Sergeant Pepper
Sergeant Pepper
Horst Peter Koll, film-dienst, Nr. 26, 23.12.2004
Einmal mehr eine abenteuerliche (Familien-)Geschichte um die Freundschaft zwischen Tier und Kind: Der sechsjährige Felix, kein unproblematischer Junge, der seine kindlichen Ängste und Unsicherheiten hinter eine gewissen Altklugheit, vor allem aber hinter einem schützenden Tigerkostüm versteckt, lebt mit seiner älteren Schwester Felicia in einer skurrilen Familie. Die Mutter ist Musikerin, der Vater ein eher weltfremder Erfinder, der das angemietete Haus in eine voll automatische Versuchsstation verwandelt hat, in der das morgendliche Ankleiden zur "Waschstraße für Menschen" wird und man zum Frühstück auf Zuruf mit dem Kühlschrank kommuniziert. Besonders stolz ist er auf seine jüngste Erfindung: den "echtesten" künstlichen Schnee, den es bisher gab, der aber einen Heidenärger mit dem Vermieter einbringt. Nicht minder in Schwierigkeiten steckt derweil der putzige Hund Sergeant Pepper, der sich auf der Flucht befindet. Sein reiches Herrchen ist tot und hat ihm seine prachtvolle Villa vererbt, was die unbändige Wut der habgierigen Tochter des Verstorbenen, der Fabrikantin Corinna von Gordenthal, weckt. Gemeinsam mit ihrem Bruder verfolgt sie den Hund, um ihn aus dem Weg zu räumen, wobei sie zu manch hässlicher Intrige greift, als sich Sergeant Pepper ausgerechnet bei Felix und seiner Familie einnistet. Was kein Erwachsener glauben will: Felix kann den Hund verstehen und mit ihm reden, wodurch er die Zusammenhänge erkennt, aber auch in der Praxis eines Psychologen landet. Mit Felicia als dem einzigen Verbündeten beginnt eine turbulente, zunehmend gefährlichere Rettungsaktion, bei der sich die Kinder bewähren müssen.
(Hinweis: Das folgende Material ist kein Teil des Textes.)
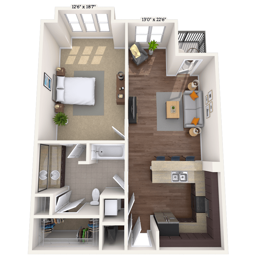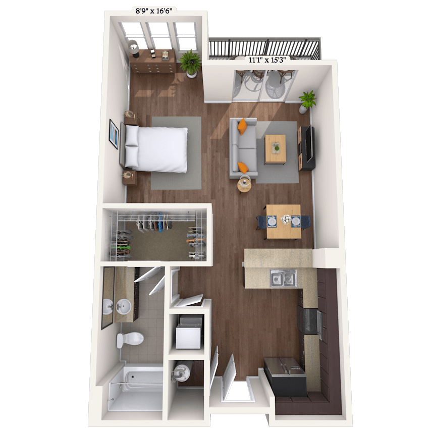 Studio, 1 Bath, 597-600 sq ftAvailable NowAvailability Details
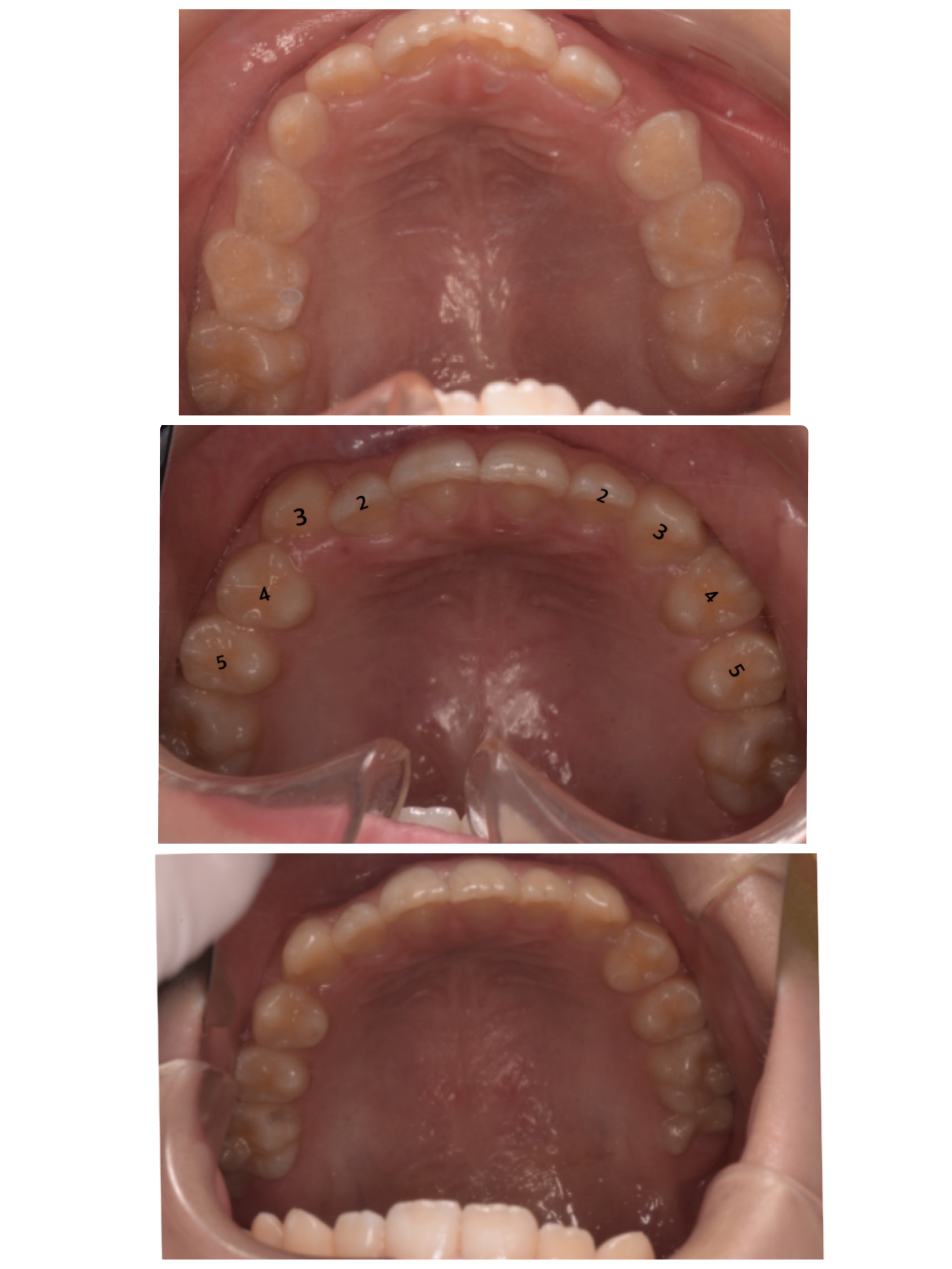 お口の中のお写真も見ていくとまだ下の歯は重なりがありますが、少しずつその重なりも少なくなって来ています。

Regisseurin Sandra Nettelbeck hat an der San Francisco State University Film studiert. Vielleicht erklärt dies ein wenig, warum ihr Kinder- und Familienfilm so betont "amerikanisch" daherkommt. Überdeutlich sind die thematischen Bezüge zu einschlägigen Disney-Sujets von "Schneewittchen" (fd 591) bis zu "101 Dalmatiner" (fd 32 426), die sich besonders in der cholerisch-bösen Corinna manifestieren: Barbara Auer chargiert lustvoll, schrill und sadistisch wie Schneewittchens gehässige Stiefmutter oder die Pelzfetischistin Cruella deVil. Hinzu kommen viel Slapstick, (Erfinder-)Klamauk und hyperaktive Erwachsene, über die man sich offensichtlich als mal liebevolle (Felix’ Eltern), mal satirisch überzeichnete (der bieder-bürgerliche Nachbar, der Vermieter) Klischees amüsieren soll. Das alles wirkt auf Dauer aber arg veräußerlicht und obendrein reißbrettartig kalkuliert, sodass sich weder Nähe zu den Figuren noch ein Hineinfühlen in die Ereignisse einstellen will. Schematisch bleibt die Zeichnung der Charaktere, plakativ kommt die "Botschaft" von der Selbstbehauptung eines sensiblen, allseits unterschätzten Kindes daher, und auch das Sujet des sprechenden Tieres wird über Gebühr als "Wunder" verkauft, für das nur Kinder empfänglich sind. Wirklich spannend, amüsant und glaubwürdig-differenziert ist das nicht, was insofern enttäuscht, als Sandra Nettelbeck noch in "Bella Martha" (fd 35 367) mit nur wenigen Szenen höchst subtil einen komplexen Kindercharakter zu entwerfen vermochte. Auf ihren Erfolgsfilm verweist sie etwas kokett durch den zitathaften Kurzauftritt von Martina Gedeck, die die Praxis des (erneut von August Zirner gespielten) Psychiaters verlässt; und auch Jasmin Tabatabai, Protagonistin in Nettelbecks Erstling "Unbeständig und kühl" (1996), darf kurz vorbeischauen. Kindlichen Zuschauern ist das alles egal. Ob es Erwachsene amüsiert, ist freilich zweifelhaft. Sandra Nettelbeck zeigt einiges an inszenatorischem Geschick, spielt stimmungsvoll mit "sanften" Abblenden und einigen punktgenauen Pointen, verschenkt dies aber letztlich angesichts eines veräußerlichten, wenig sensiblen Entwurfs.